== Available data

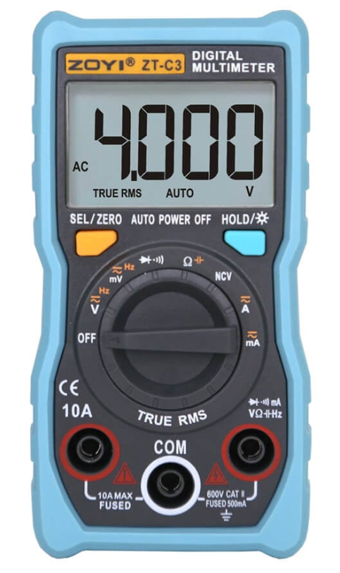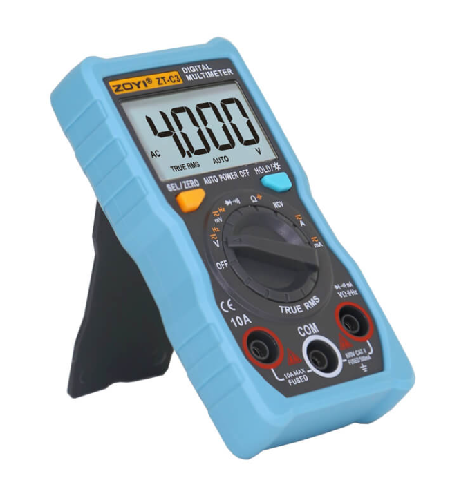 Multimetr cyfrowy ZOYI ZT-C3 to wszechstronne urządzenie pomiarowe, które łączy w sobie funkcje wielu specjalistycznych przyrządów. Umożliwia precyzyjny pomiar napięcia i prądu zarówno stałego, jak i zmiennego, a także rezystancji, pojemności i częstotliwości. Dzięki funkcji True RMS zapewnia dokładne odczyty nawet w przypadku sygnałów o nieregularnym przebiegu. Urządzenie wyposażono również w tester ciągłości z sygnałem dźwiękowym oraz funkcję sprawdzania diod. Bezstykowe wykrywanie napięcia (NCV) znacząco zwiększa bezpieczeństwo pracy, umożliwiając szybkie zlokalizowanie przewodów pod napięciem bez konieczności ich dotykania. Dodatkowo, funkcja Data Hold pozwala zatrzymać wynik na wyświetlaczu, co jest przydatne podczas pracy w trudno dostępnych miejscach. Miernik posiada czytelny, podświetlany wyświetlacz LCD o maksymalnym wskazaniu do 4000 jednostek, co ułatwia odczyt nawet przy słabym oświetleniu. Dla jeszcze większej wygody użytkowania wyposażono go w wbudowaną latarkę LED oraz ergonomicznie zaprojektowaną obudowę. Urządzenie automatycznie wyłącza się po okresie bezczynności, co chroni baterię przed rozładowaniem. Wskaźnik niskiego poziomu baterii informuje użytkownika o konieczności jej wymiany. Miernik został zabezpieczony wewnętrznymi bezpiecznikami, które chronią zarówno użytkownika, jak i samo urządzenie przed uszkodzeniami w przypadku niewłaściwego pomiaru. ZOYI ZT-C3 to niezawodne narzędzie dla elektryków, hobbystów oraz serwisantów, które sprawdzi się zarówno w codziennej pracy, jak i przy bardziej zaawansowanych pomiarach.
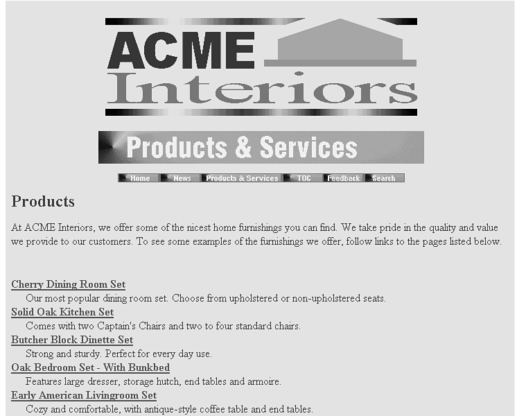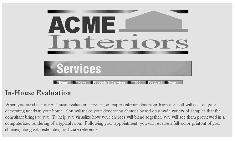Figures 4.9 and 4.10 show an example of a completed Products and Services page. In the upper portion, shown in Figure 4.9, you see a brief description of the products that the interior design company offers and links to the five pages specified in the wizard screen. In the lower portion of the page, shown in Figure 4.10, you see a brief description of the services that the company offers and links to the three service description pages. The footer appears at the bottom of the page.
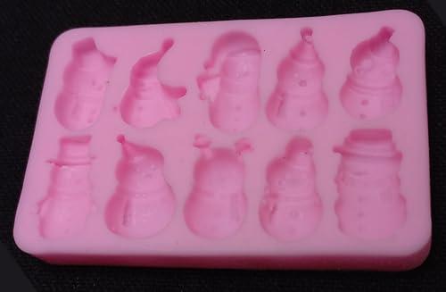 Generic - قالب سيليكون وردي لصنع رجل الثلج، 10 أشكال مختلفة للديكور، قالب حلويات للكعك والشوكولاتة، مقاس 9.6 × 6 سم

====

→ **Required action**:
Beginning at the line with "Figures 4.9 and" and ending at the last line of the listing above, retype each line exactly, including those two lines. Leave the pictures out.

→ **Response to the task**:
Figures 4.9 and 4.10 show an example of a completed Products and Services page. In the upper portion, shown in Figure 4.9, you see a brief description of the products that the interior design company offers and links to the five pages specified in the wizard screen. In the lower portion of the page, shown in Figure 4.10, you see a brief description of the services that the company offers and links to the three service description pages. The footer appears at the bottom of the page.
 Generic - قالب سيليكون وردي لصنع رجل الثلج، 10 أشكال مختلفة للديكور، قالب حلويات للكعك والشوكولاتة، مقاس 9.6 × 6 سم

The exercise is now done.